→ Source information:
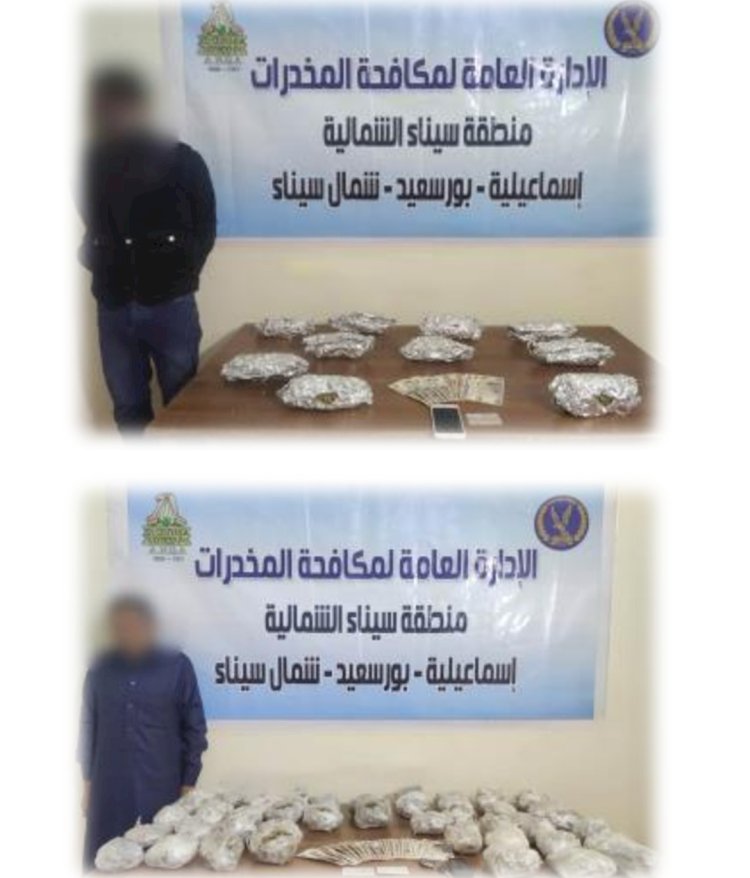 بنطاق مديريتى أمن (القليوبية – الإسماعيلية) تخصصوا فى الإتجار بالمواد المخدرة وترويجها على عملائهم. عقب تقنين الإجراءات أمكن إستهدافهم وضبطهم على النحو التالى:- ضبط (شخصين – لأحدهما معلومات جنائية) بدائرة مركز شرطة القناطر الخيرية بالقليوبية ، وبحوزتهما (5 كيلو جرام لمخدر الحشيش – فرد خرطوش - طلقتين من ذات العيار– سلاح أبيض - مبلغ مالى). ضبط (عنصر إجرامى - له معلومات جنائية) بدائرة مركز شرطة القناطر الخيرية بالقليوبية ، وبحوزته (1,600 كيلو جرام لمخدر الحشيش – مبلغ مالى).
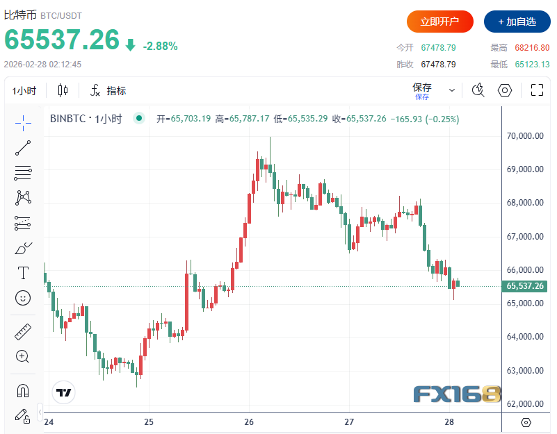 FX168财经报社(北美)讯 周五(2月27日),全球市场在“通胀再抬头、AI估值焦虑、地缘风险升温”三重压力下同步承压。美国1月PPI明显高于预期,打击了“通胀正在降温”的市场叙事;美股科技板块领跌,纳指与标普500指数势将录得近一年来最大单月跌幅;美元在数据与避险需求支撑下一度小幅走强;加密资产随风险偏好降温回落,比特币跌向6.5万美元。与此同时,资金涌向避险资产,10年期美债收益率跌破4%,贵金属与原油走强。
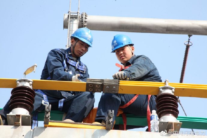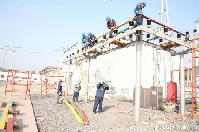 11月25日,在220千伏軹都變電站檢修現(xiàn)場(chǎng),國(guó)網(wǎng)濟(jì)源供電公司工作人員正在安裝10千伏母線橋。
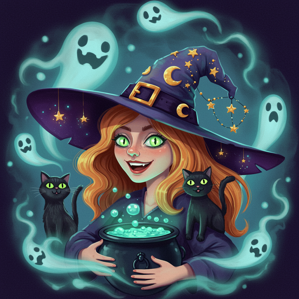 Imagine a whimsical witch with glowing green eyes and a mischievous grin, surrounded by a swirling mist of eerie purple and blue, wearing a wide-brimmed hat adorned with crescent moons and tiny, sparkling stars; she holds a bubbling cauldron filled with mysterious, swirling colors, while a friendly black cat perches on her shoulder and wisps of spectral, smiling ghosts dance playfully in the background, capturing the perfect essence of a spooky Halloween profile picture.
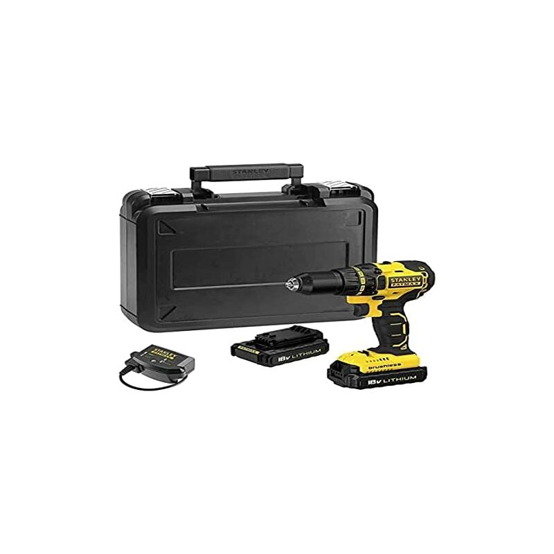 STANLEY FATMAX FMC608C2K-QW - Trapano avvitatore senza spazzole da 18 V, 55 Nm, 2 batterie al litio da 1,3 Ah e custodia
* * *
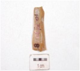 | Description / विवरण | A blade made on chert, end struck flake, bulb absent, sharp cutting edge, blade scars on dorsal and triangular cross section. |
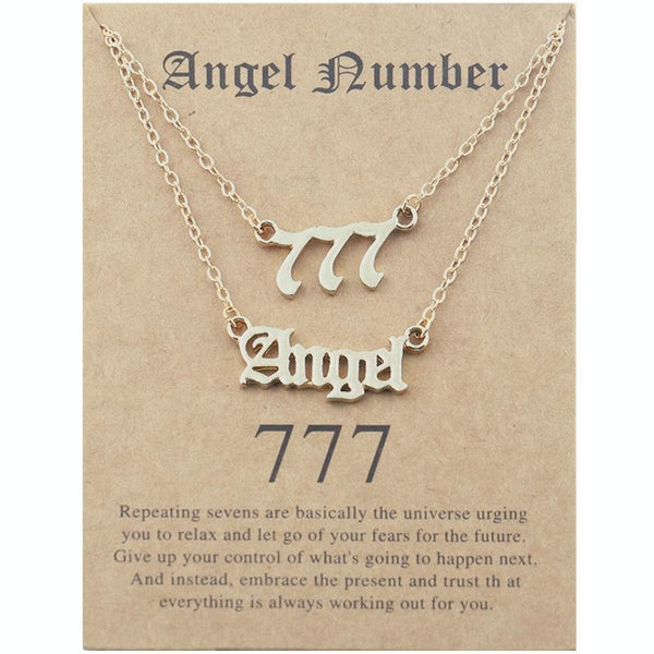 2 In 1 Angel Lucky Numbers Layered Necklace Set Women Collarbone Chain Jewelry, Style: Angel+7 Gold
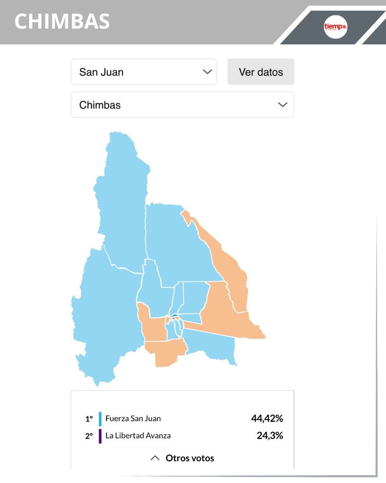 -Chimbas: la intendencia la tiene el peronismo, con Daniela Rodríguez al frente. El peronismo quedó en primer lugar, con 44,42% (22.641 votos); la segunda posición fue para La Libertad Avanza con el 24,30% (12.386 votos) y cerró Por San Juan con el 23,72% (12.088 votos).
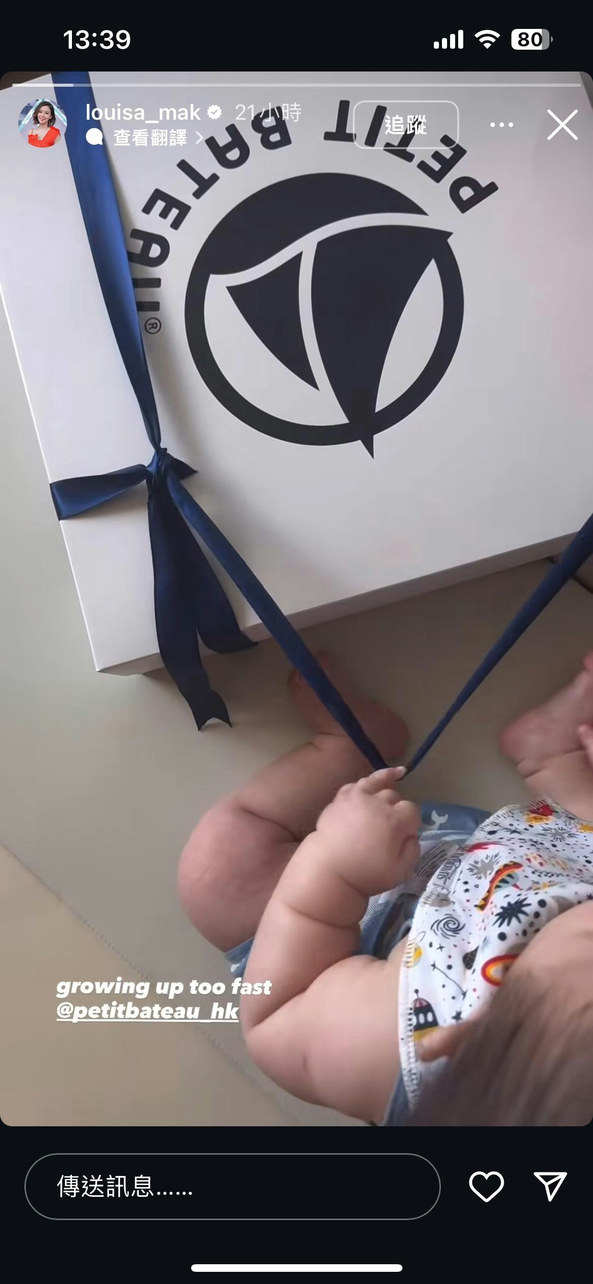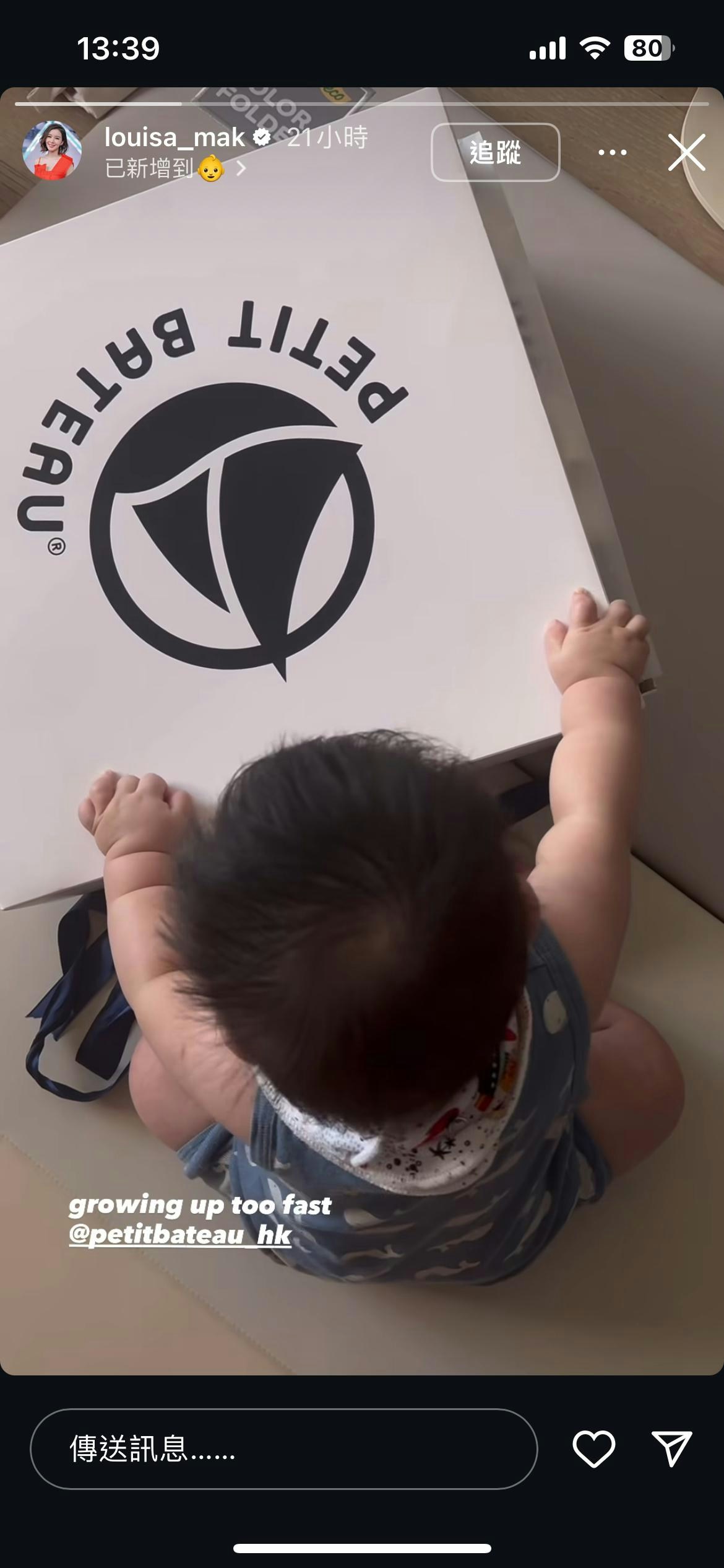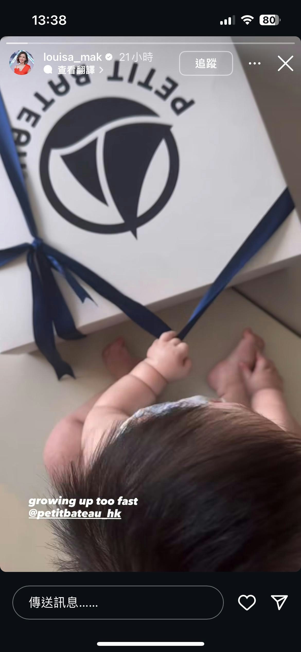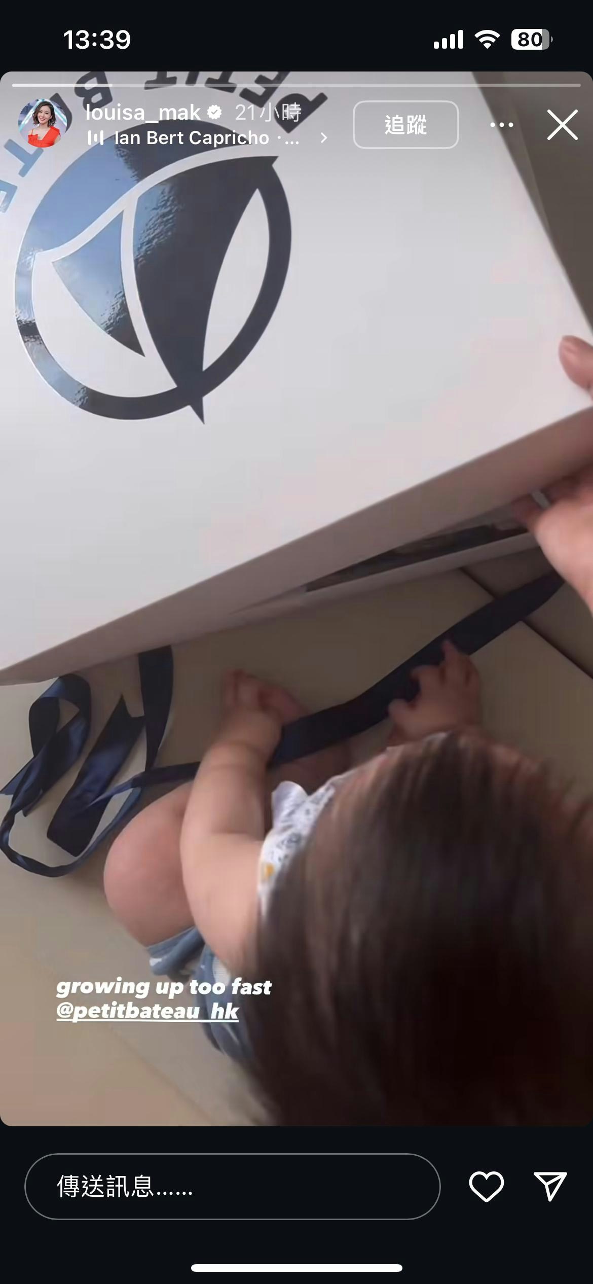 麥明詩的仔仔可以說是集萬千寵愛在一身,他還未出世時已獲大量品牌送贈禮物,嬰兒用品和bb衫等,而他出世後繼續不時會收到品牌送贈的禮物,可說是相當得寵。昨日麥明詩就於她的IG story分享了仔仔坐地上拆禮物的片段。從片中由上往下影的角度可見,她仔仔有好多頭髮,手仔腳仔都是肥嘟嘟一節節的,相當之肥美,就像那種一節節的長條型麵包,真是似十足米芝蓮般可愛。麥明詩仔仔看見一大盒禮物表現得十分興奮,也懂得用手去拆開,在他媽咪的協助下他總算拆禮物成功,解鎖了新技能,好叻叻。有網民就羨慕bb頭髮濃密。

→ Work instructions: Among the records above, locate the line containing "cross section. |" and the line containing "麥明詩的仔仔可以說是集萬千寵", then transcribe exactly the lines starting at the first and ending at the second, with no pictures.

→ Task solution:
 | Description / विवरण | A blade made on chert, end struck flake, bulb absent, sharp cutting edge, blade scars on dorsal and triangular cross section. |
 2 In 1 Angel Lucky Numbers Layered Necklace Set Women Collarbone Chain Jewelry, Style: Angel+7 Gold
 -Chimbas: la intendencia la tiene el peronismo, con Daniela Rodríguez al frente. El peronismo quedó en primer lugar, con 44,42% (22.641 votos); la segunda posición fue para La Libertad Avanza con el 24,30% (12.386 votos) y cerró Por San Juan con el 23,72% (12.088 votos).
 麥明詩的仔仔可以說是集萬千寵愛在一身,他還未出世時已獲大量品牌送贈禮物,嬰兒用品和bb衫等,而他出世後繼續不時會收到品牌送贈的禮物,可說是相當得寵。昨日麥明詩就於她的IG story分享了仔仔坐地上拆禮物的片段。從片中由上往下影的角度可見,她仔仔有好多頭髮,手仔腳仔都是肥嘟嘟一節節的,相當之肥美,就像那種一節節的長條型麵包,真是似十足米芝蓮般可愛。麥明詩仔仔看見一大盒禮物表現得十分興奮,也懂得用手去拆開,在他媽咪的協助下他總算拆禮物成功,解鎖了新技能,好叻叻。有網民就羨慕bb頭髮濃密。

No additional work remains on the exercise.